Pole position da etapa de Barcelona da Fórmula 2 e um dos principais nomes brasileiros no automobilismo internacional, Rafael Câmara vive um momento de ascensão na carreira. Piloto da Invicta Racing e integrante da Ferrari Driver Academy, o pernambucano conquistou na sexta-feira (12) sua segunda pole consecutiva na categoria e largará na posição de honra na corrida principal deste domingo.
Em entrevista à coluna Alta Velocidade, Rafael falou sobre o início da trajetória no kart, a mudança para a Europa, a adaptação à Fórmula 2 e a experiência de testar um carro de Fórmula 1.

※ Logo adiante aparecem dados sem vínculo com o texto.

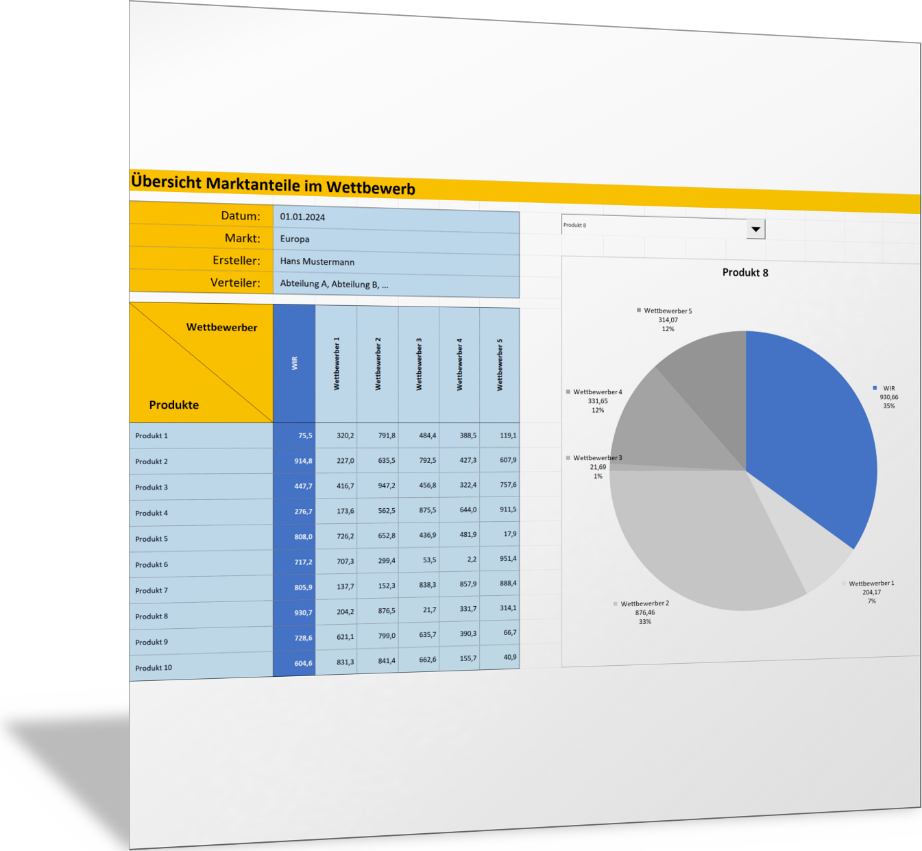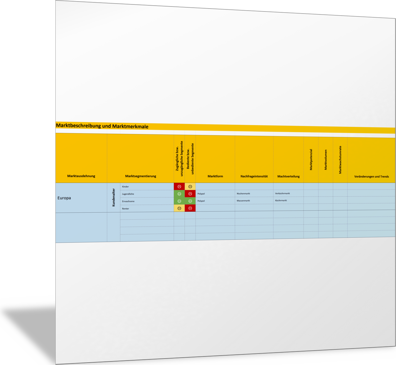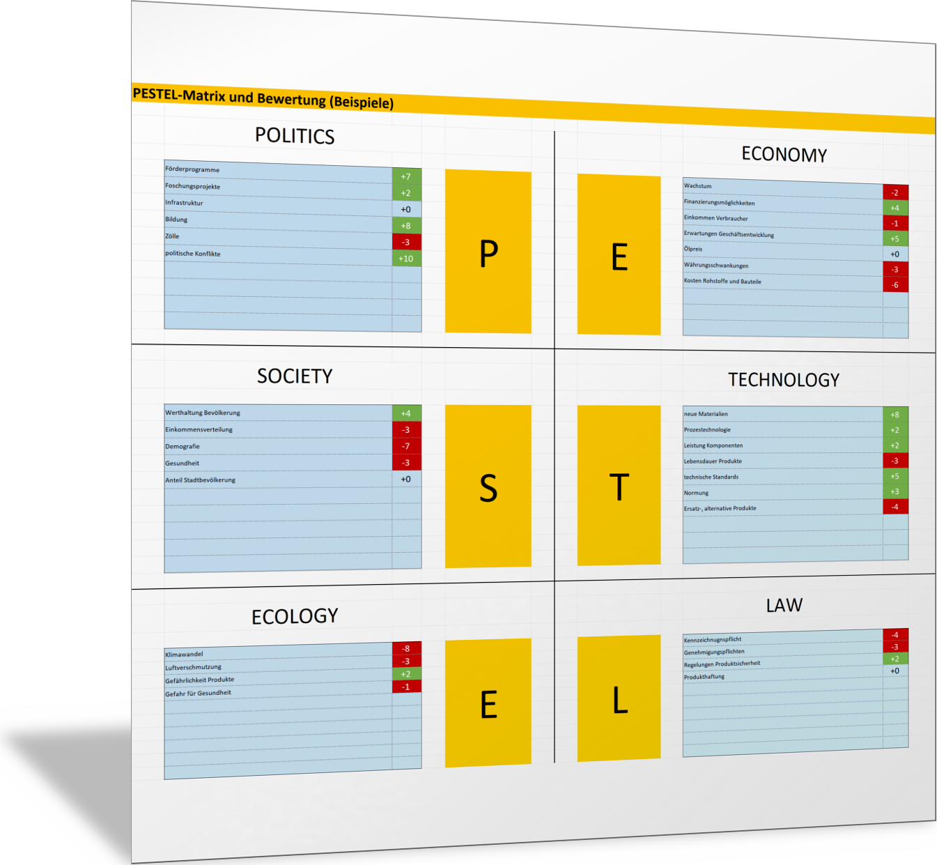 In dieser Excel-Vorlage stellen Sie die wichtigen Einflussfaktoren auf Ihren Markt dar, die Sie im Rahmen der Umfeld-Analyse identifiziert haben. Hier sind die Bereiche betrachtet: Politics, Economy, Social, Technology, Environment und Law (PESTEL). Sie können jeden Faktor mit einem Punktwert bewerten. Die Stärke des Einflusses wird in einem Balkendiagramm dargestellt.

Rafael contou que começou no automobilismo em 2011, por causa do irmão. O pai tinha um amigo cujo filho corria de kart e deu uma chance para o irmão de Rafael conhecer o esporte. O irmão andou um pouco em Recife, mas não gostou tanto quanto Rafael, que sempre acompanhava e gostava do ambiente. Quando o irmão parou, Rafael insistiu para o pai deixá-lo correr, começando aos seis anos.
Na época, ele não imaginava uma carreira profissional. Para ele, quando se é criança, não se tem noção se aquilo vai se tornar algo sério. A atividade começou como uma brincadeira pela paixão e acabou ficando séria.
Rafael correu de kart até os 15 anos. Começou em Recife, depois a família se mudou para São Paulo. Mais tarde, foi para os Estados Unidos e também correu na Europa.
A primeira temporada em monopostos foi na Fórmula 4 Italiana e na Fórmula 4 Alemã, disputando os dois campeonatos no mesmo ano. Ele também participou da F4 dos Emirados Árabes Unidos, que serviu como pré-temporada. Esse período coincidiu com a pandemia de Covid-19, o que o fez perder algumas etapas.
Rafael sentiu que os resultados começaram a aparecer na FRECA. Ele fez dois anos na categoria. No primeiro, estava mais confiante, mas ainda inconstante, terminando em quinto lugar. No segundo ano, tudo se encaixou. A conquista do campeonato abriu a oportunidade de subir para a Fórmula 3.
Na Fórmula 3, foi para a Trident. A equipe conseguiu disputar o campeonato em um nível bom e, depois, surgiu a oportunidade de ir para a Invicta.
Sobre a adaptação da Fórmula 3 para a Fórmula 2, Rafael disse que foi tranquila e natural. Desde o primeiro dia, se sentiu confortável com o carro e com a equipe. Ele destacou diferenças como os freios de carbono e o turbo, que são as coisas que o piloto mais sente, além do trabalho de manter os freios na temperatura ideal, mas nada foi muito complicado.
Rafael venceu recentemente uma corrida de apoio em Barcelona. Para ele, a vitória foi boa e traz confiança para a equipe e para o piloto, mas os pontos mais importantes estão nas corridas da Fórmula 2, então o foco continua sendo estar preparado para elas.
A experiência de pilotar um carro de Fórmula 1 foi especial para Rafael. Ele disse que parece outro esporte, outro nível. A presença dos pais tornou tudo ainda mais marcante. Foram dois dias de testes que o ensinaram muito sobre o funcionamento de um carro e de uma equipe de Fórmula 1, uma experiência que ele gostaria de repetir.
Rafael afirmou que o apoio da torcida brasileira, que está acompanhando sua trajetória, faz diferença e é muito legal sentir esse apoio.